There is no spark at the spark plug when i pull the plug, ground it to the valve cover and turn over the engine. when i pull the spark plug away from the cover, I believe i Max out the Coil, forcing it to work harder, and then i get a spark from the plug to cover. Replacing the plug, i can do the same thing at the distributor, pull the coil wire from the cap, create a gap, and the engine runs pretty well. the timing may be off a bit, carb not totally dialed in etc, but itll run rather well. 

the points are adjusted. 
the spark wires are new,
the plugs are relatively new,
cap and rotor are new, 
points are new.
The Coil is NEW as well, which is what people are telling me was the problem, but now there is a new coil. 

so............. There we are. I need to get back to work and that truck is my ticket. 

Any Ideas?

Peace.

:lame:


----------



## jdg (Aug 27, 2009)

Points may be adjusted, but not correctly. Just setting a "gap" isn't good enough, you have to set the correct dwell time using a dwell meter. If that's not the problem, then check the condenser, which is usually in the same area as the points, or quite often, part of the points assembly.


----------



## SirSedrith (Mar 24, 2011)

the points were gaped correctly, they are there to break the circuit on the ground wire of the coil, to let the coil pulse to each of the spark wires, right? even when they were way to open, a while ago, the truck ran ok. then i got out a feeler guage, set it to the center measurement ( between 41 to 51 mm or whatever) and squeezed the points onto the guage. then i tightened them. and then felt the gap and it felt right. it was running at that point. 

i thought the dwell was something you adjusted after the engine idles regularly. please correct me if i am wrong.

as for the condencer, that sounds possible. there are three, one on each ground wire that comes from the points to the coil. another attaches onto the positive tab of the ignition coil. its something i havent checked yet, do you have an idea on how to check that? im pretty sure thats not discussed either, but ill look.

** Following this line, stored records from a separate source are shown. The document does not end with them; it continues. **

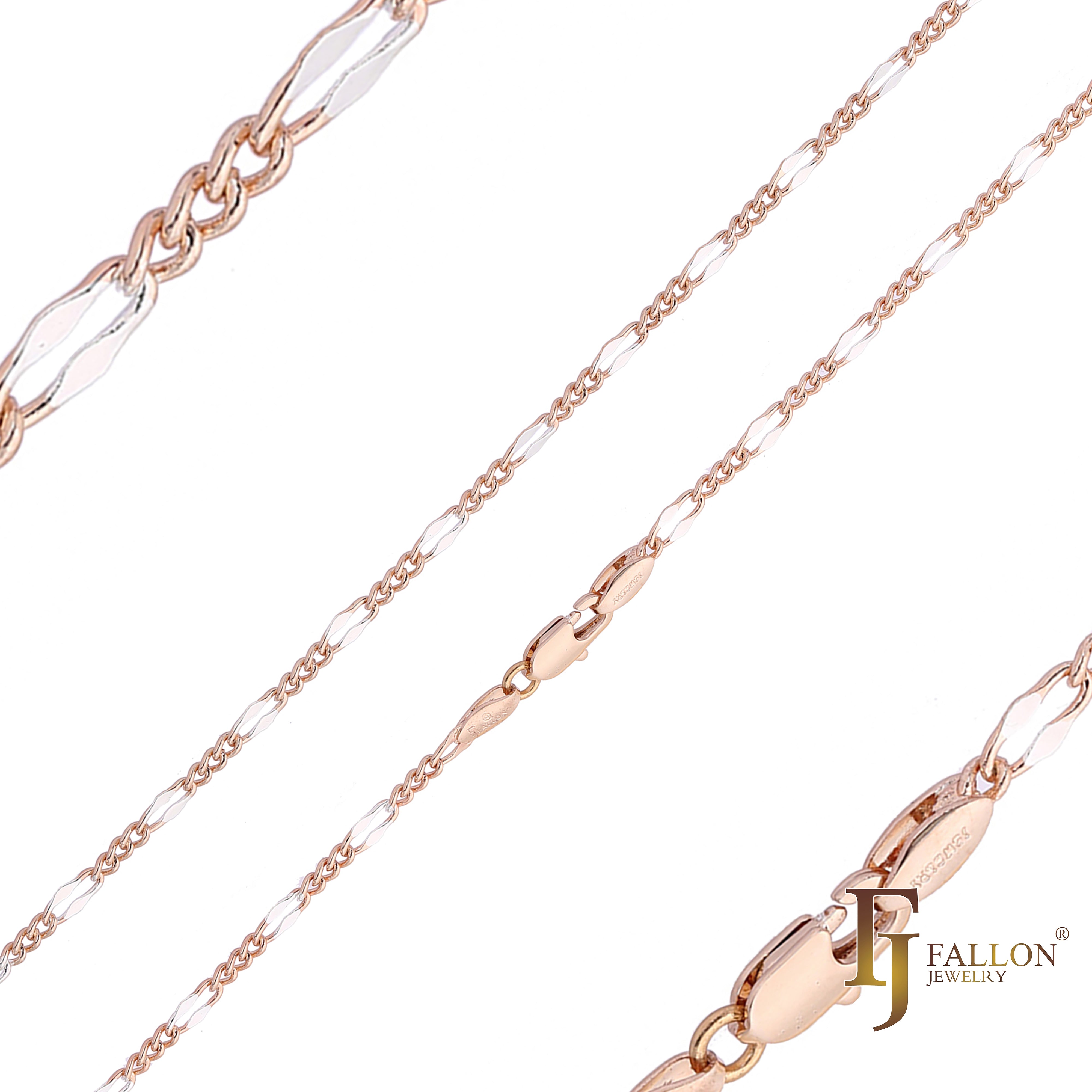 Thin Figaro Fancy cable link chains plated in 14K Gold, Rose Gold, two tone
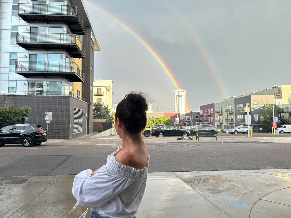 How afterward, when we stepped outside, there was the most vibrant double rainbow Livvy has ever seen? How we cheered and stared and pointed and saw others along 15th street look up?
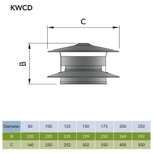 De Trekkap antivalwind Ø125 mm – Dubbelwandig rookkanaal is ontworpen om windinvloeden op de rookgasafvoer te minimaliseren. Bij harde of wisselende wind kan rook terug het kanaal in worden gedrukt, maar deze kap voorkomt dat effectief. Het ontwerp zorgt dat de rookgassen altijd veilig naar buiten worden geleid. De kap sluit naadloos aan op het Ø125 mm dubbelwandige systeem, waardoor montage eenvoudig en stevig is.
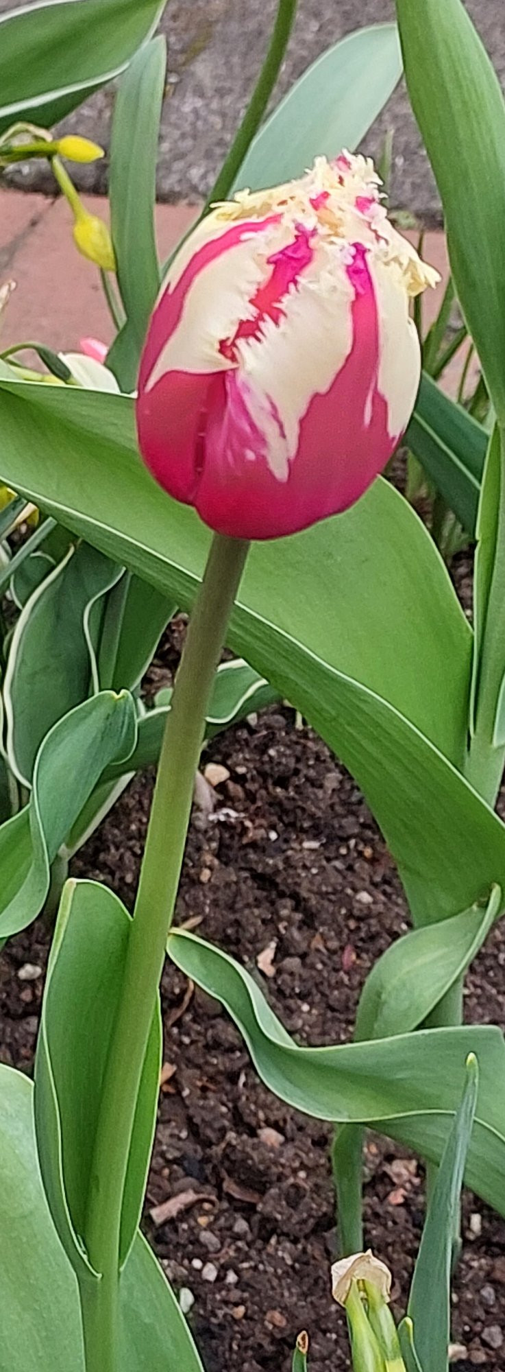 Die Aldi Tulpen blühen auch und das, obwohl ein Maulwurf das Lanz Loch ganz schön um gewühlt hat. Man sieht auch den Bims, den ich mit ins Pflanzloch gegeben habe

thanks for the response dude,
ill try what ya said and let me know what ya think about the dwell. if i cant get it to idle i dont know how.


----------



## jdg (Aug 27, 2009)

I know what points do and how they work and why they work the way they work and various failure modes involved with points.
Setting points with a feeler gauge only gets you "in the ballpark". On some engines, this method might be good enough 99.99% of the time. Yours might be one of those types.
You can have X amount of breaker point opening and have dwell times that are out in the weeds, in either direction, depending on the types of points and the way they're set up.


----------



## SirSedrith (Mar 24, 2011)

thanks for writing back!
sorry there, i was really talking to myself and letting you listen to see if I understood it, not the other way around, i wasnt trying to tell YOU what they do, i have no doubt you know! : ) 

i also didnt know there were different kinds of points, for one vehicle, though it dosnt surprise me too much. uhhh.... i guess i have the type of points that go with the truck. i dont know how else to describe them. 

so the feeler gets you in the ball park.. ill be damned. OK

so what is next? 

i have a dwell meter from the pawn shop, not sure if it works, id like to test it on another truck but dont know how thats gonna happen.  

i read the instructions on how to check the dwell on ehow. it says to get the engine warm. 

im not sure how i can do this as i cannot get spark to the cylinders normally. im also surprised that it says to check the dwell and THEN do the timing. interesting.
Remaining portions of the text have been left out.